- **WHAT THE TASK REQUIRES**: All of the data below should be printed again exactly, pictures excluded.

- **SOURCE MATERIAL**:
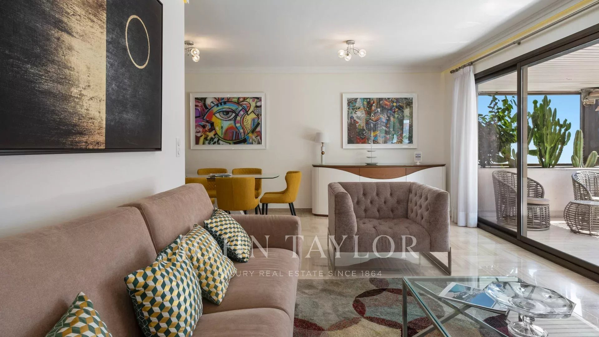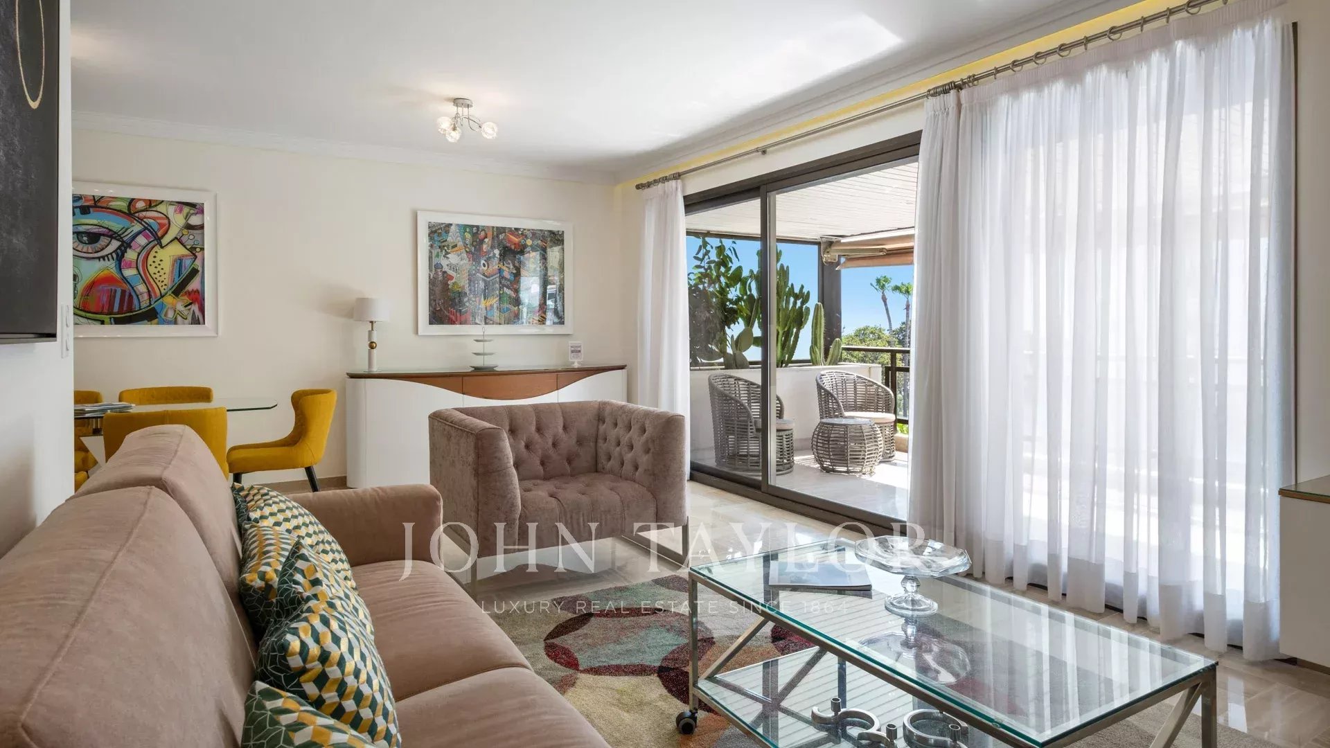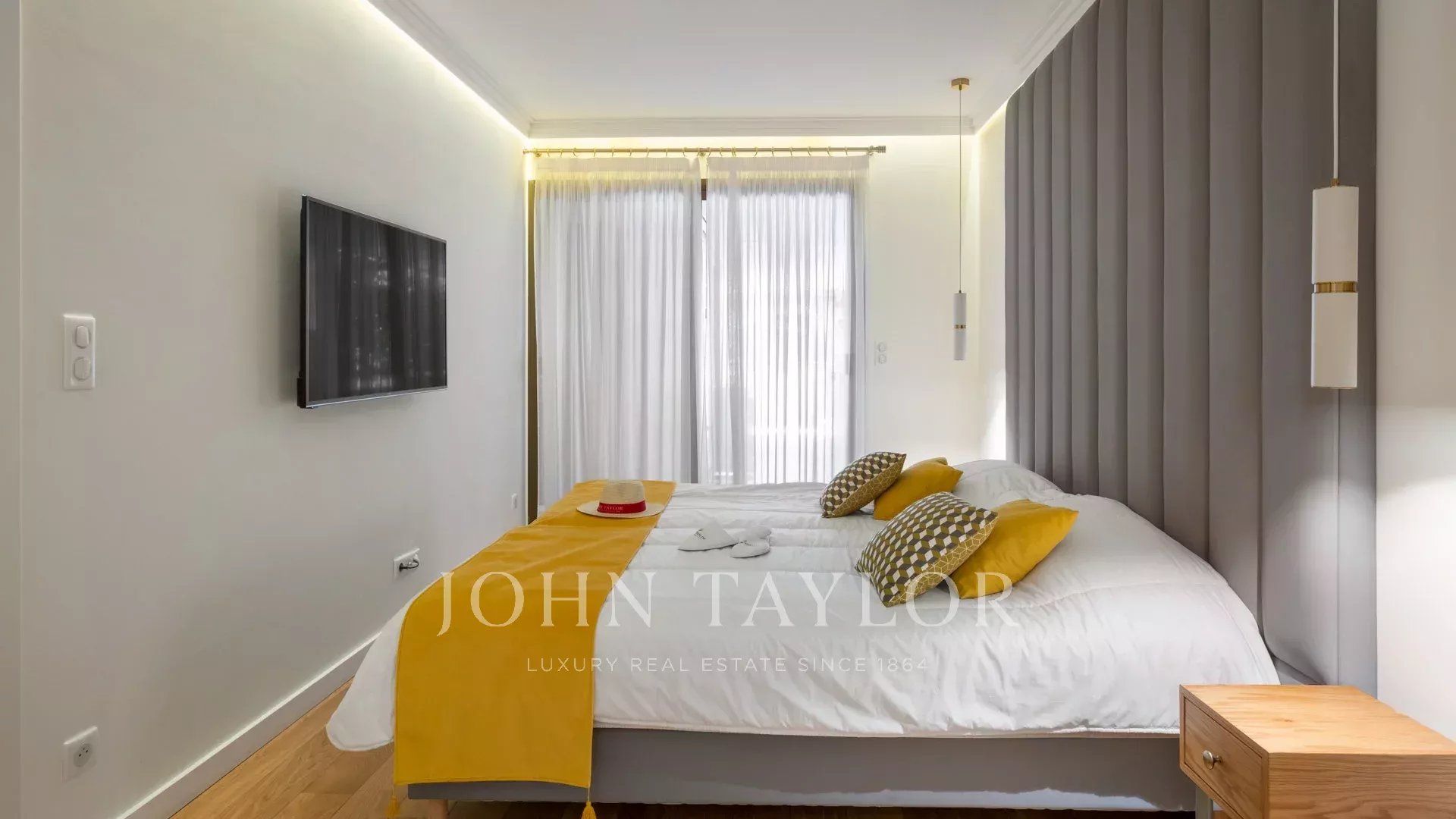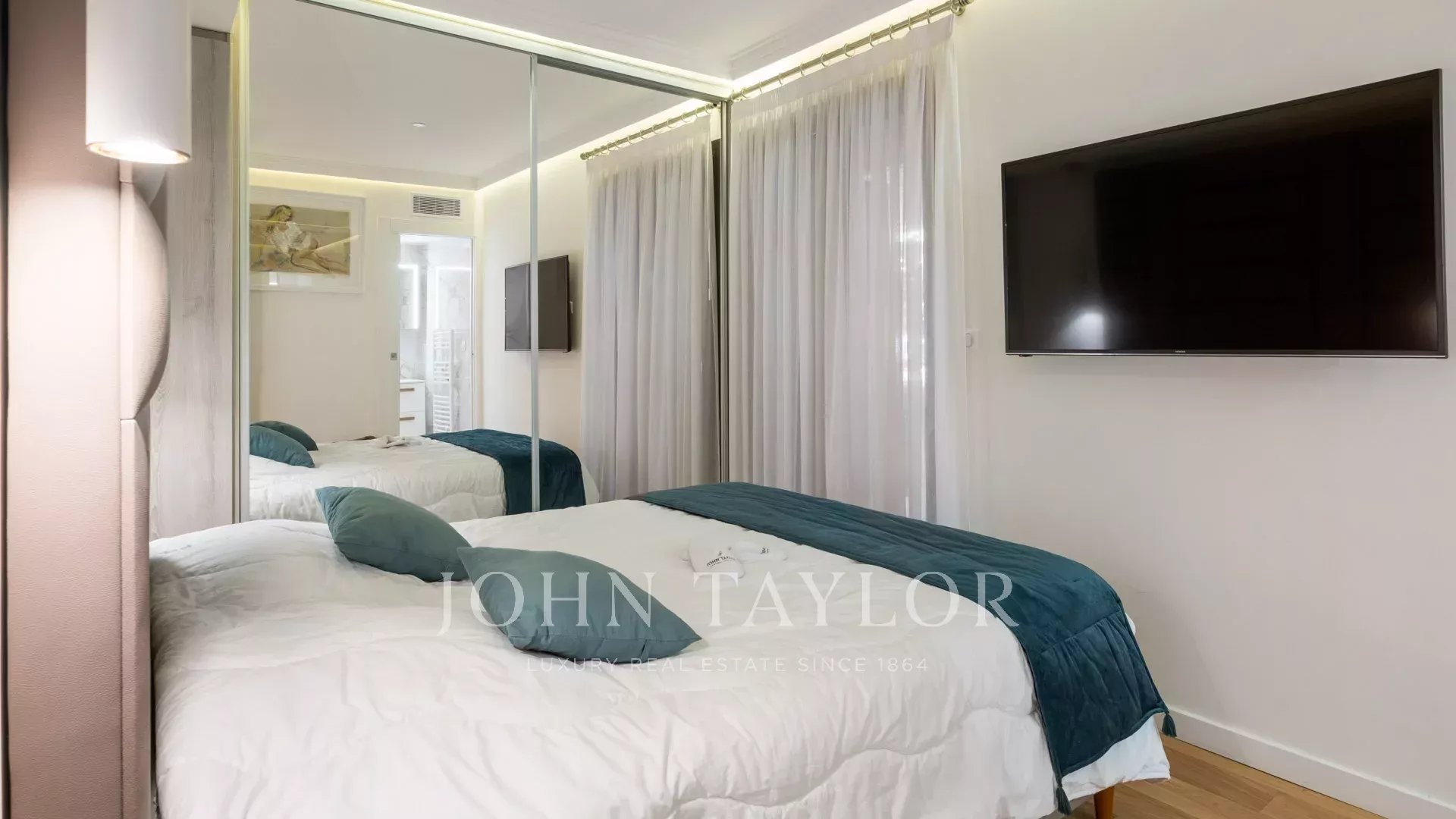 Ideal gelegen, nur 5 Gehminuten vom Palais des Festivals entfernt, bietet diese 87 m² große Wohnung mit einer 27 m² großen, nach Südwesten ausgerichteten Eckterrasse einen schönen Blick auf die Stadt und die Bucht von Cannes und die Croisette.
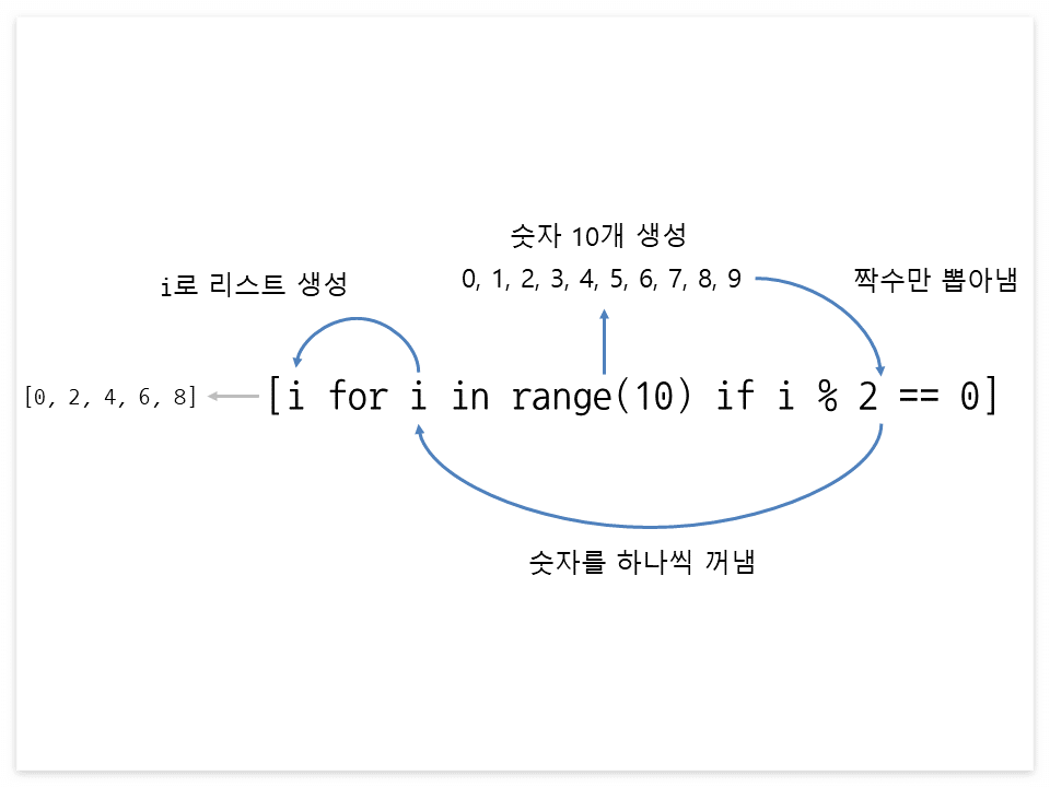 - 파이썬에서 리스트를 만들 때는 리스트 컴프리헨션[list comprehension]을 자주 쓰게 된다.
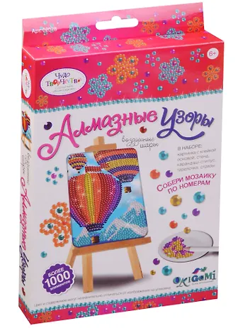 Готовую мозаику можно поставить на мольберт (входит в набор). Мозаику "Алмазные узоры" отличает высокое качество, авторские дизайны картинок, хороший состав набора.
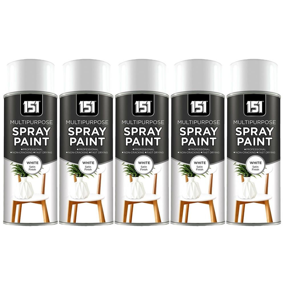 5x 151 White Satin Spray Paint Aerosol Auto Car Multi-Purpose 400ml
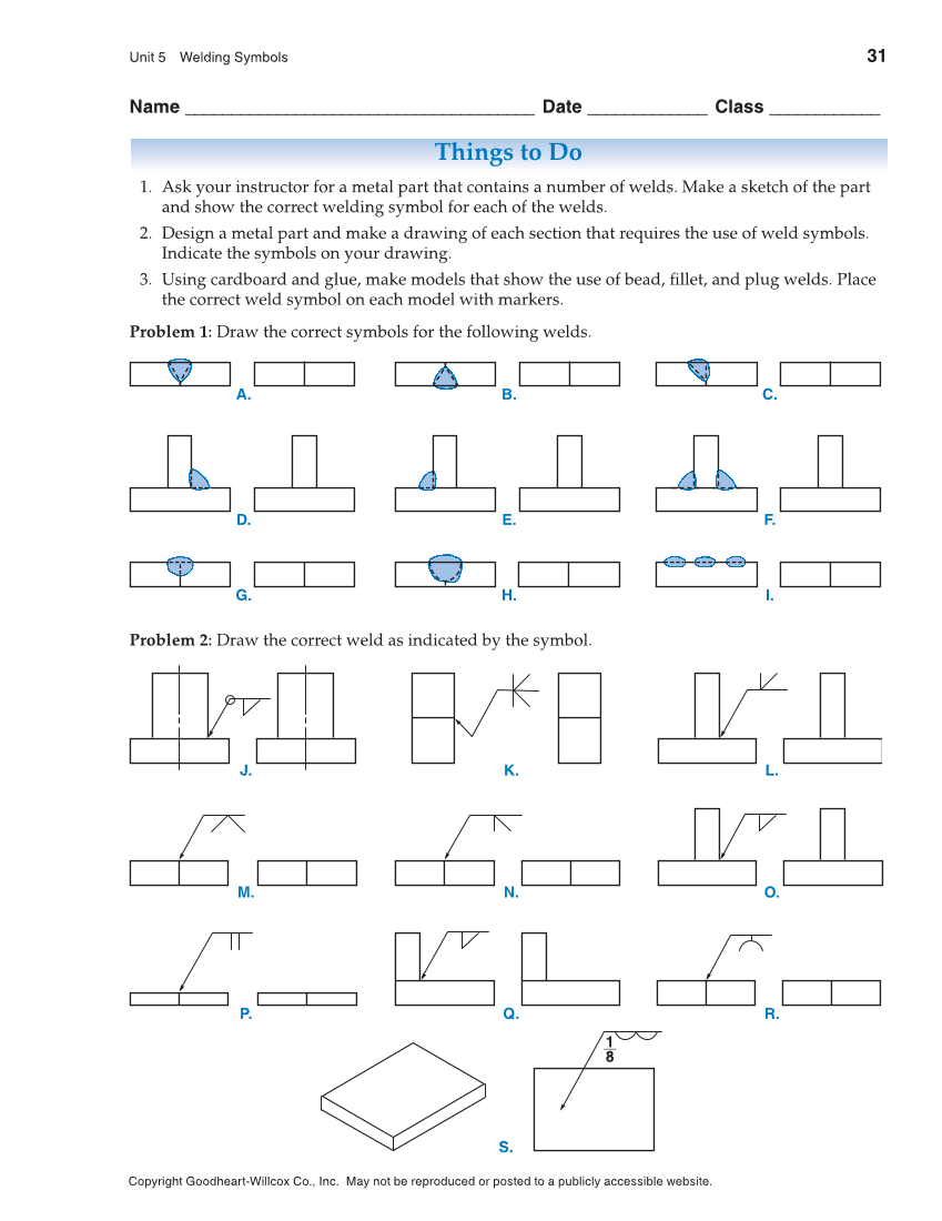 Unit 5 Welding Symbols 31 Copyright Goodheart-Willcox Co., Inc. May not be reproduced or posted to a publicly accessible website. Name ______________________________________ Date _____________ Class ____________ Things to Do 1. Ask your instructor for a metal part that contains a number of welds. Make a sketch of the part and show the correct welding symbol for each of the welds. 2. Design a metal part and make a drawing of each section that requires the use of weld symbols. Indicate the symbols on your drawing. 3. Using cardboard and glue, make models that show the use of bead, fi llet, and plug welds. Place the correct weld symbol on each model with markers. Problem 1: Draw the correct symbols for the following welds. A. B. C. D. E. F. G. H. I. Problem 2: Draw the correct weld as indicated by the symbol. J. K. L. M. N. O. P. Q. S. R.
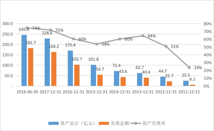 下图是雏鹰农牧2011年至2018年上半年资产、负债和资产负债率的变动情况,可以看到公司资产由2011年的25.5亿增长至2018年上半年的245.6亿,接近10倍;负债总额更是从6.1亿元增长至182.7亿,增长接近30倍,结果就是资产负债率由24%增长至74%。
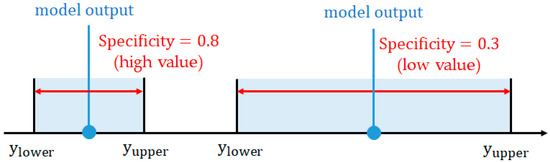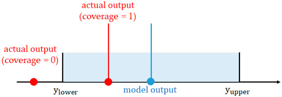 In this study, the PI method evaluates the prediction capability of interval-based IGM. This method evaluates performance by using the property of coverage and specificity. The initial PI method was proposed by Pedrycz, and since then, various PI methods have been proposed by Hu [27], Galaviz [28], and Zhu [29]. Figure 7 and Figure 8 show the characteristics of coverage and specificity, respectively.
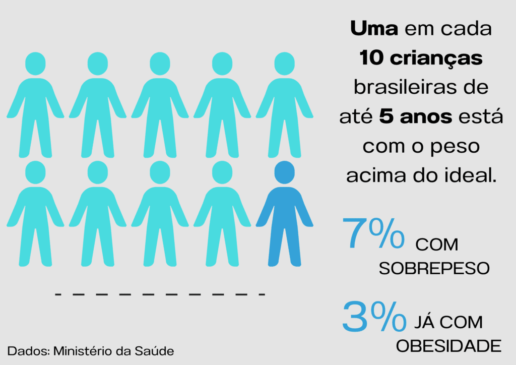Já entre as crianças mais novas, a problemática tende a ser ainda mais recorrente. Em 2019, o Estudo Nacional de Alimentação e Nutrição Infantil (EMANI), em parceria com o Instituto de Nutrição Josué de Castro, da Universidade Federal do Rio de Janeiro (UFRJ), afirmou que 18,6% das crianças abaixo de 5 anos apresentam risco de sobrepeso.
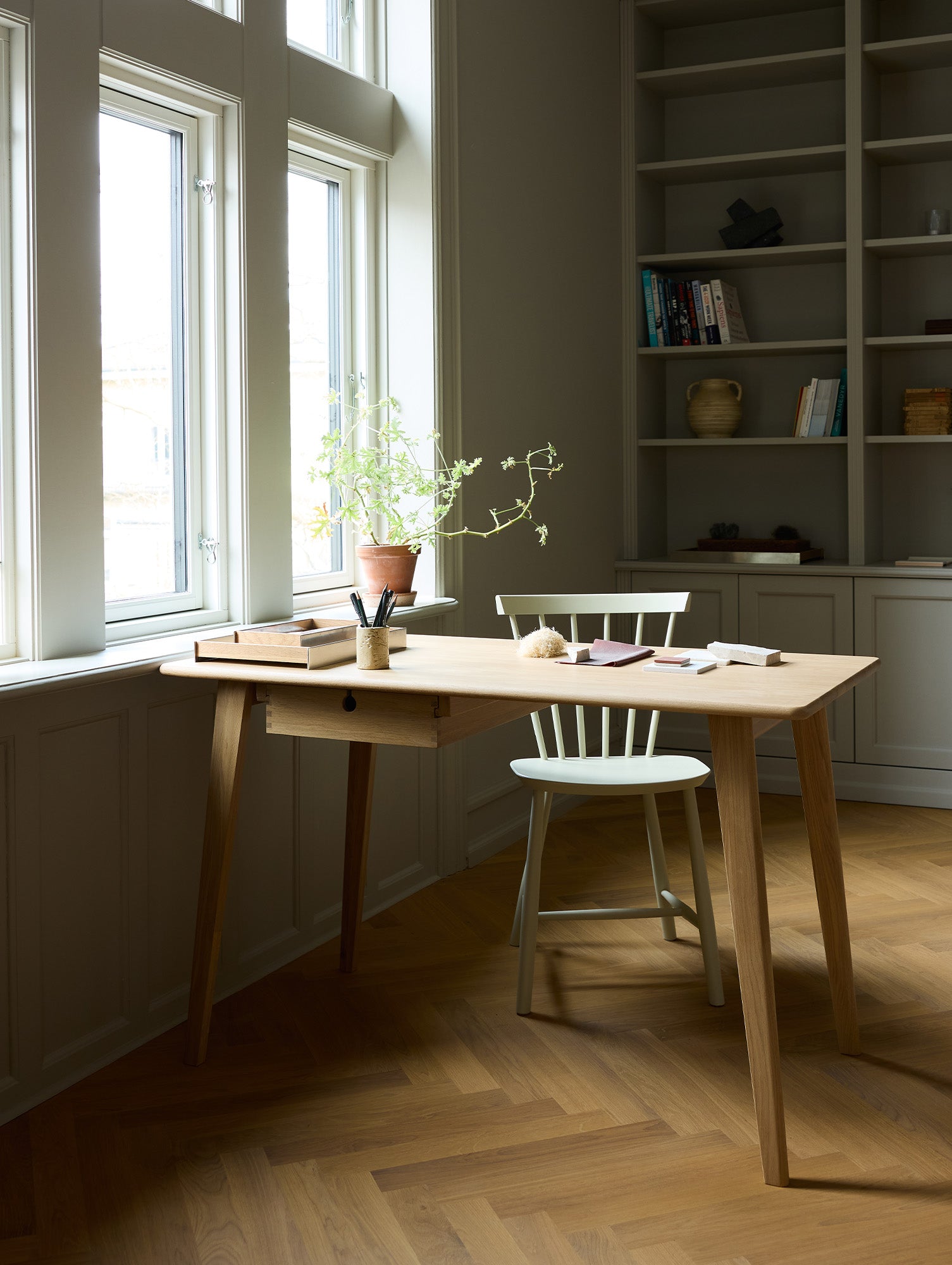Crafted with a solid beech or oak wood base and a veneer seat, the chair's classic spindle backrest provides both comfort and support, while the gently curved seat offers an inviting experience for everyday use. The J46 Chair reflects Danish design heritage, combining elegance and practicality for various interiors. Available in a range of sophisticated colours, the J46 Chair brings warmth and character to any space.

- **ANSWER SPACE**:
 Ideal gelegen, nur 5 Gehminuten vom Palais des Festivals entfernt, bietet diese 87 m² große Wohnung mit einer 27 m² großen, nach Südwesten ausgerichteten Eckterrasse einen schönen Blick auf die Stadt und die Bucht von Cannes und die Croisette.
 - 파이썬에서 리스트를 만들 때는 리스트 컴프리헨션[list comprehension]을 자주 쓰게 된다.
 Готовую мозаику можно поставить на мольберт (входит в набор). Мозаику "Алмазные узоры" отличает высокое качество, авторские дизайны картинок, хороший состав набора.
 5x 151 White Satin Spray Paint Aerosol Auto Car Multi-Purpose 400ml
 Unit 5 Welding Symbols 31 Copyright Goodheart-Willcox Co., Inc. May not be reproduced or posted to a publicly accessible website. Name ______________________________________ Date _____________ Class ____________ Things to Do 1. Ask your instructor for a metal part that contains a number of welds. Make a sketch of the part and show the correct welding symbol for each of the welds. 2. Design a metal part and make a drawing of each section that requires the use of weld symbols. Indicate the symbols on your drawing. 3. Using cardboard and glue, make models that show the use of bead, fi llet, and plug welds. Place the correct weld symbol on each model with markers. Problem 1: Draw the correct symbols for the following welds. A. B. C. D. E. F. G. H. I. Problem 2: Draw the correct weld as indicated by the symbol. J. K. L. M. N. O. P. Q. S. R.
 下图是雏鹰农牧2011年至2018年上半年资产、负债和资产负债率的变动情况,可以看到公司资产由2011年的25.5亿增长至2018年上半年的245.6亿,接近10倍;负债总额更是从6.1亿元增长至182.7亿,增长接近30倍,结果就是资产负债率由24%增长至74%。
 In this study, the PI method evaluates the prediction capability of interval-based IGM. This method evaluates performance by using the property of coverage and specificity. The initial PI method was proposed by Pedrycz, and since then, various PI methods have been proposed by Hu [27], Galaviz [28], and Zhu [29]. Figure 7 and Figure 8 show the characteristics of coverage and specificity, respectively.
Já entre as crianças mais novas, a problemática tende a ser ainda mais recorrente. Em 2019, o Estudo Nacional de Alimentação e Nutrição Infantil (EMANI), em parceria com o Instituto de Nutrição Josué de Castro, da Universidade Federal do Rio de Janeiro (UFRJ), afirmou que 18,6% das crianças abaixo de 5 anos apresentam risco de sobrepeso.
Crafted with a solid beech or oak wood base and a veneer seat, the chair's classic spindle backrest provides both comfort and support, while the gently curved seat offers an inviting experience for everyday use. The J46 Chair reflects Danish design heritage, combining elegance and practicality for various interiors. Available in a range of sophisticated colours, the J46 Chair brings warmth and character to any space.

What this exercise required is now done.